Every post by this person is the exact same and in inappropriate threads.

amdnice0, please stop trolling. 

reported


----------



## unpopular

In general, as far as I know (and I am not an attorney or have otherwise any special training in this legal matter) so long as the model isn't engaged in a sexually explicit manner then it is protected. However, what "sexually explicit" entails is so highly variable from person to person, religion to religion, culture to culture, it's almost impossible to know if you've crossed that line. I believe in one case, Mann perhaps, the judge concluded that pornography was something "he knew when he saw it".

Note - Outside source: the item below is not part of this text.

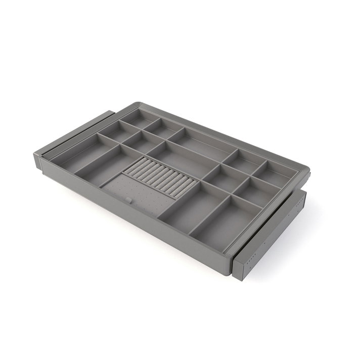 Emuca Kit de cajón organizador y bastidor regulable Quartz para armarios, guías de cierre suave y extracción total, Módulo 80cm, Acabado Titanio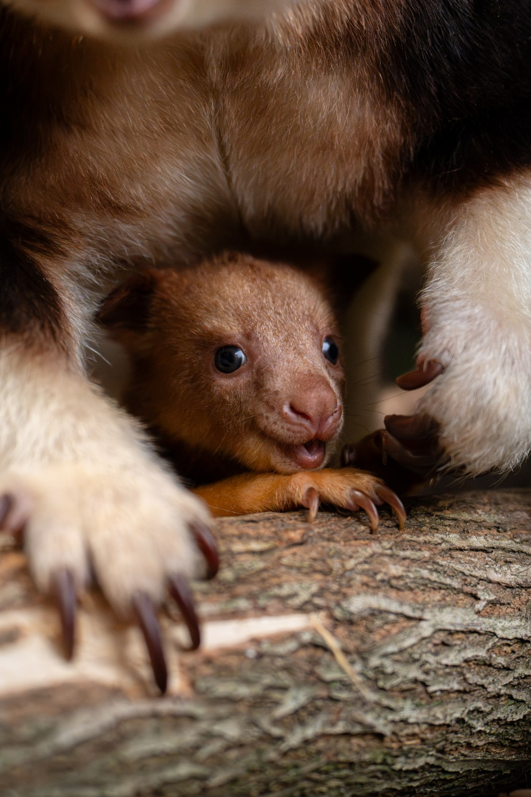 英國切斯特動物園(Chester Zoo)1月宣布,園中的古氏樹袋鼠(Goodfellow’s tree kangaroo)幼崽,剛從媽媽的袋中冒出頭來,這個小男生出生時只有一顆雷根糖( jellybean)大小,體重2克到3克,拍照這會兒已經1.85公斤了,現在已經會搶媽媽手中食物,幼崽通常會賴在育兒袋中7個月左右才完全離開。

Some people who are very conservative would say any form of nudity is sexual by it's nature, and society as a whole has a "better to lock up a person for child porn than risk a pedophile on the street" kind of attitude. It's just not worth even approaching, IMO, unless you are a making specific statement which cannot be done any other way - then you need to ask yourself how dedicated you are to this project, because it is very possible that it will blow up into a huge deal. If you've just found a pretty, 16 year old model whom you want to photograph nude, OTOH, forget it.


----------



## slackercruster

cgipson1 said:


> Jaemie said:
> 
> 
> 
> Forget the law. It won't protect you from someone with an agenda.
> 
> 
> 
> 
> I agree.. but that doesn't make it right! Between the religionists on one side, and the sicko pervs on the other... it can be a very nasty situation. No matter how pure the intentions of the photographer! (but that doesn't make it wrong.. just a political and social nightmare!)
Click to expand...



Sure, if someone has it in for you then you get hauled in for whatever. But I like to know generally where things stand.


----------



## xjoewhitex

Personally I won't shoot anyone under the age of 18, or 19 in my neighboring state just to cover my ass. I shoot nudes and rarely anything else, I have had minors approach me wanting to do a implied type shoot but even with the thought of it I get a little nervous. I see no problem with nudity with minors as long as it is art, because there is a true form of beauty and innocents from it.. but its not for me.


----------



## cgipson1

unpopular said:


> In general, as far as I know (and I am not an attorney or have otherwise any special training in this legal matter) so long as the model isn't engaged in a sexually explicit manner then it is protected. However, what "sexually explicit" entails is so highly variable from person to person, religion to religion, culture to culture, it's almost impossible to know if you've crossed that line. I believe in one case, Mann perhaps, the judge concluded that pornography was something "he knew when he saw it".
> 
> Some people who are very conservative would say any form of nudity is sexual by it's nature, and society as a whole has a "better to lock up a person for child porn than risk a pedophile on the street" kind of attitude. It's just not worth even approaching, IMO, unless you are a making specific statement which cannot be done any other way - then you need to ask yourself how dedicated you are to this project, because it is very possible that it will blow up into a huge deal. If you've just found a pretty, 16 year old model whom you want to photograph nude, OTOH, forget it.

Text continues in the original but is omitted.